A Morte Das Areias do Saara

113 A Rainha Que Virou Faraó


Notas iniciais
olá! bem vindos a mais um capítulo! ♥ na imagem de hoje: plantações com silos, estruturas altas e cônicas usadas para estocar grãos *** UM POUQUINHO DA VIAGEM *** GENTE! FALAFEL! Eu comi um falável que NOOOOOOOOOOOOOSSA! maravilhoso! uma das meninas do grupo de viagem disse q comia muito falafel na cidade dela, mas q aquele falafel do Egito era tão melhor que o que ela comia na cidade dela que parecia uma comida diferente. Eu andei dando uma olhada no iFood, e tal como essa menina disse, os falafels daqui são tudo de grão de bico, mas o do Egito não era. Mas ngm conseguiu traduzir de q grão era kkk mas enfim, muito gostoso.

Hórus: Poderoso dos espíritos; Duas Senhoras: Prósperas de anos;

Horus Dourado: Divino da aparência; O rei do Alto e Baixo Egito: Maatkare;

imagem sagrada de Amon, ela que ele queria que estivesse em seu trono.

Ele confiou a ela a herança das Duas Terras, a realeza do Alto e do Baixo Egito

Ele deu a ela o que o sol gira em torno e o que Geb e Nut cercam.

~ Fragmento de “Expedição de Punt da Faraó Hatshepsut”

Meses se passaram e, entre cerimônias e mais cerimônias, as várias etapas da coroação aconteciam, até que chegou a última cerimônia que separava Hatshepsut do trono de faraó. Dentre sumo-sacerdotes, grandes generais, nobres e o que restava de sua própria família, Hatshepsut andava pelo salão principal do palácio. Seu vestido, do mais puro branco, se arrastava pelo chão e era um belo contraste com as enormes pilastras e paredes ricamente decoradas com todas as cores possíveis.

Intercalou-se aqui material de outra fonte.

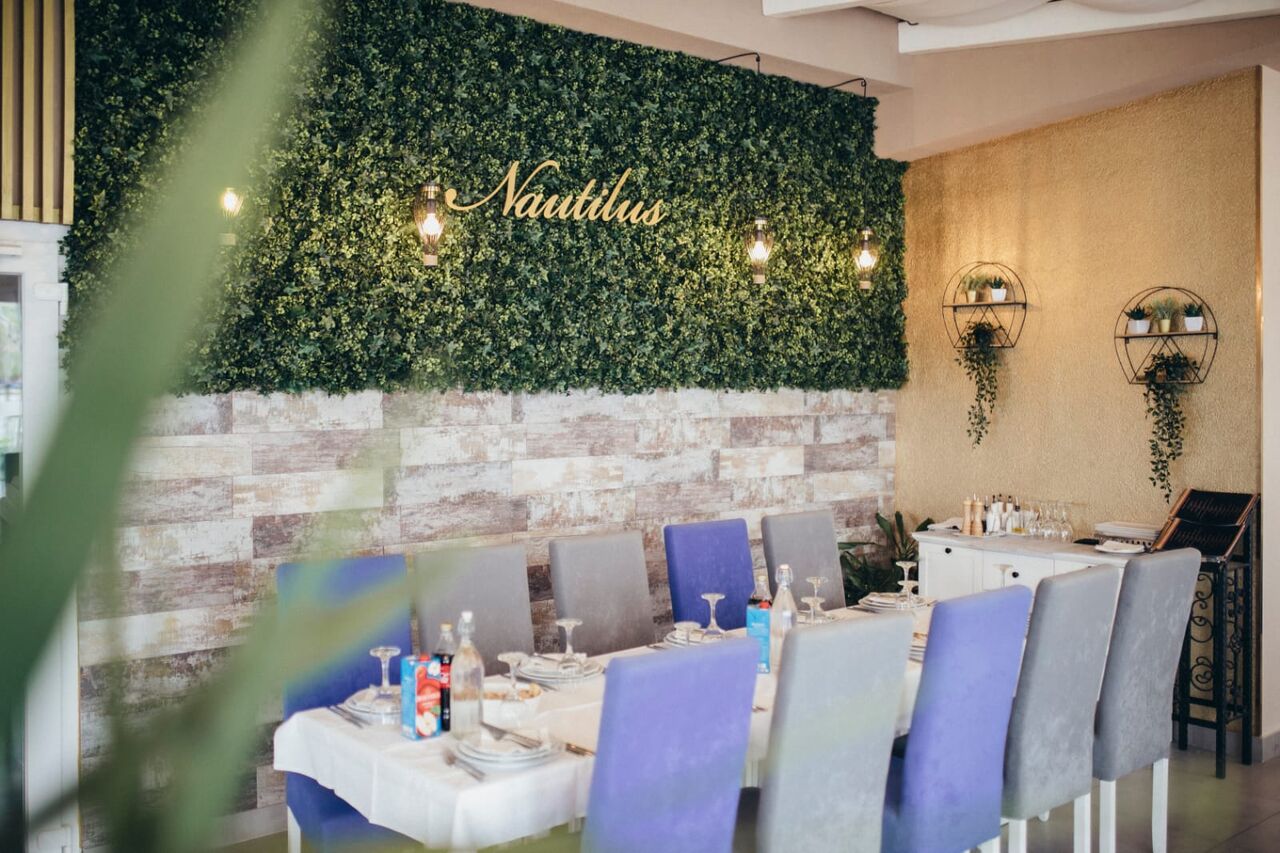 Zabavna večer s ukusom hrvatskim i mediteranskim jelima – serviramo vam svježe pripremljena jela u autentičnoj atmosferi. Želimo vam srdačnu dobrodošlicu u naš restoran Restoran & Bar Nautilus. Uživajte u slasnim jelima i autentičnom ambijentu u našem restoranu. Na našoj eksluzivnoj terasi možete upijati sunčeve zrake. Osjećajte se ugodno u našim klimatiziranim prostorijama pri bilo kojoj temperaturi.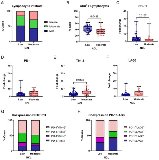 Association between NCL expression and immune-related markers in breast tumors. Comparison of degree of lymphocytic infiltration (A), percentage of CD8+ T cells (B), PD-L1 (C), PD-1 (D), Tim-3 (E), and LAG3 (F) expression levels, and PD-1/Tim-3 or PD-1/LAG3 coexpression (G,H) according to NCL expression groups (Low vs. Moderate/High). Box-and-whisker plot showing individual data points. Boxes represent the interquartile range (Q1–Q3) with the median line; whiskers extend to the minimum and maximum values. n = 65. Statistically significant differences were observed in the percentage of CD8+ T lymphocytes and PD-L1 and Tim-3 expression (Chi-square and Fisher’s exact tests or Mann–Whitney U test).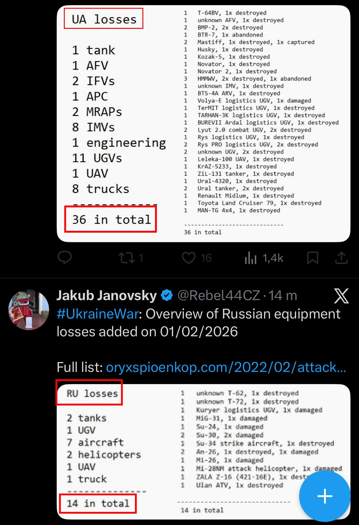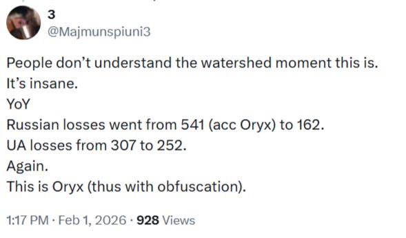 もう一つの厳しい節目は、公式のOryx損失統計でも2ヶ月連続で、ウクライナがロシアと比較して月あたりの車両損失がはるかに多いという事実です: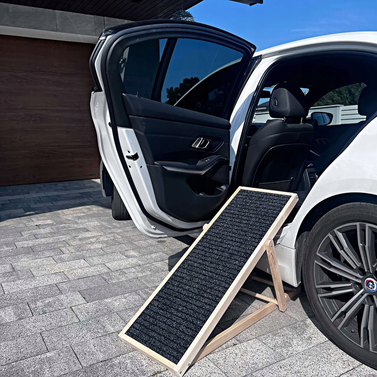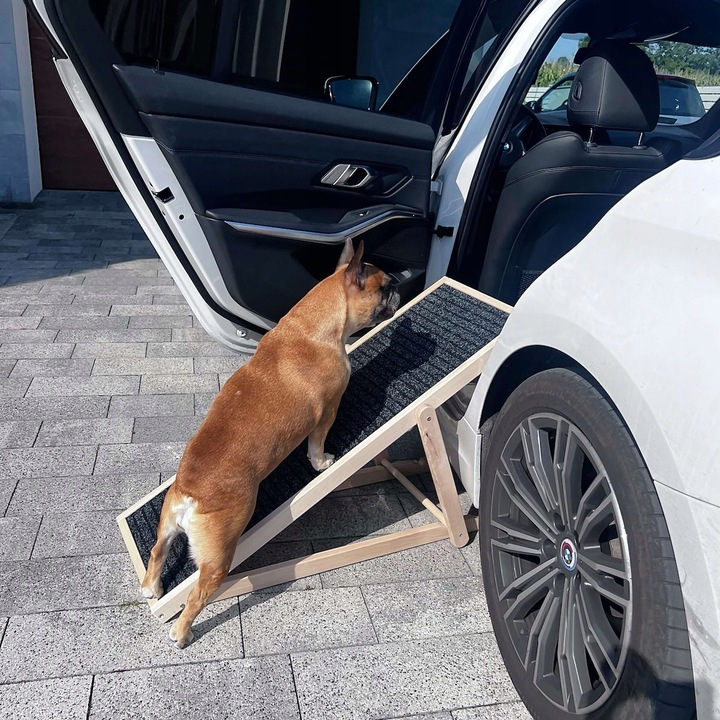 PARAMETRI:   	 Culoare: bej deschis, negru  	 Material: lemn de fag  	 Capacitate maxima de incarcare: 60 kg  	  Dimensiuni:   	 Lungime totala: 103 cm  	 Latime totala: 35,5 cm  	 Inaltimea primului nivel: 59 cm  	 Inaltimea celui de-al doilea nivel: 52,5 cm  	 Inaltimea celui de-al treilea nivel: 42,5 cm  	 Inaltime plat: 6 cm  	 Grosimea marginii rampei: 4,3 cm  	  Dimensiunile materialului:   	 Lungime: aprox. 99 cm  	 Latime: aprox. 31,5 cm  	  Informatii suplimentare:   	 Inaltimea rampei reglabila - trei niveluri  	 Partea inferioara a rampei - lemn   Cainele tau iubit merita cel mai inalt nivel de confort si siguranta. Rampa noastra este o solutie care va transforma viata de zi cu zi a animalului dvs. de companie. Indiferent de varsta sau de marimea cainelui dumneavoastra, scara noastra reglabila ii va permite cainelui dumneavoastra sa urce si sa coboare cu usurinta din masina, din pat sau de pe scari.   	 Inaltime reglabila pe 3 trepte  	 Covor antiderapant pentru siguranta  	 Design extrem de usor pentru transport si depozitare usoara  	 Design solid - fabricat din lemn durabil  	 Incurajeaza independenta animalului dvs. de companie  	 Ideal pentru caini batrani si tineri   Rampa noastra permite cainelui dvs. sa traverseze obstacolele cu usurinta, evitand sariturile sau caderile care pot duce la ranire. Este un instrument care imbunatateste calitatea vietii animalului dvs. de companie, oferindu-i acces la locuri in care nu putea ajunge inainte.

Na longa caminhada entre a altíssima porta de entrada e o trono banhado em ouro, Hatshepsut sentia-se mais orgulhosa do que nervosa. Contudo, não conseguia ouvir os cochichos que começaram a surgir na multidão questionando se aquilo era mesmo a coroação de um faraó ou só uma cerimônia mais elaborada para uma rainha. Hatshepsut podia se declarar faraó, mas era difícil ver um faraó ali nas roupas elegantes de mulher, nos cabelos longos trançados delicadamente em dezenas de finas tranças e enfeitados com acessórios femininos de ouro, no rosto feminino e nos seios emoldurados pelo vestido de linho de alta qualidade.

De longe, Senenmut admirava maravilhado a beleza daquela mulher que exalava poder e inteligência, mas era difícil ignorar os cochichos que ouvia perto de si. O arquiteto, por vezes, encarava irritado particularmente dois homens barrigudos que riam baixinho entre si enquanto questionavam como Hatshepsut faria as cerimônias do festival anual de Min, que envolviam o faraó se masturbar nas margens do Nilo.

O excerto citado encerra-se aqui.